After having implemented the experiments, let us comment some remarks. First, results show that the best performance belongs to our approach, outperforming all the other methods in the selected databases. Thus, the best results for our system come from the SBU Kinect dataset, where videos are recorded in highly constrained situations. On the contrary, the challenging Violent-Flows database, where there are real-life videos with crowds of people, achieves the worst results, although the accuracy obtained is still above 84%. The related works used for the comparison, which in most cases make use of descriptors based on optical flow, obtain comparable results, but in all cases they are 2–3% below the accuracy of our approach. As a consequence, we consider that the developed violence detector is a reliable detector and it constitutes a valid alternative to detect violence in videos uploaded to social media. Thus, it can make a successful contribution to enhance security in a near future in Smart cities.

5 Conclusions

Technology is naturally integrated into the management of smart cities, becoming the most effective means of addressing their problems and needs. Technology is beneficial for many applications, such as urban mobility, water or waste management, among others. However, one of the highest priorities for any smart city is citizen safety. In this line, security systems are a basic element to be taken into account for any smart city. Current technologies allow citizens to give alarm signals in a much more exhaustive way. Sensors of all kinds and intelligent surveillance cameras can monitor people at potential risk at all times, reviewing trouble spots. In this line, our approach introduces a new way to monitor videos in social media, potentially helping to increase civil security in smart cities.

In this work, a new method to detect violence in videos using soft computing methods has been proposed. The proposed method provides promising results for video surveillance contexts, as well as for rather more complicated scenarios such as those with crowds of people. The results from the experiments give accuracies above 97% for the SBU Kinect database, where only two people appear and videos are recorded close to where actions are actually happening. Even in a much more challenging database, such as the Violent-Flows database, where one can find unconstrained environments and actions performed by crowds of people, the recognition rate is above 84 %. As a result, our proposal may be applied to monitor automatically violent behaviors in smart cities using both video surveillance cameras and videos uploaded to social media.
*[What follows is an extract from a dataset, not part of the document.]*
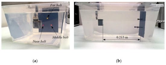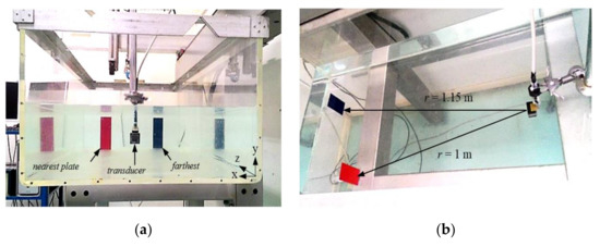 (a) Front view and (b) Top view of the experiment with faraway targets: pulse echoes from two aluminum plates of 60 mm × 160 mm immersed in a water tank of 1.4 m x 0.6 m filled up 0.2 m, were acquired with the 2-D array.

Future works aim at applying the proposed algorithm to real-time videos, such as the ones streamed live in social networks. We are currently adapting the method to work with GPUs and parallelizing the most time-consuming steps in the algorithm, such as computing the Radon transform.

Another improvement under development is trying to minimize the blur caused by global motion, such as camera motion, which can also cause blurring in the image and cause the local blurring produced by the movement of a person to be clearly distinguished.

To sum up, a smart city must provide its citizens with a protective comfort with the help of access control systems and civil security, until ensuring transparent navigation on social and collaborative platforms based on the Internet. As a conclusion, we think that in a near future our contribution may help to build new solutions to improve security in smart cities.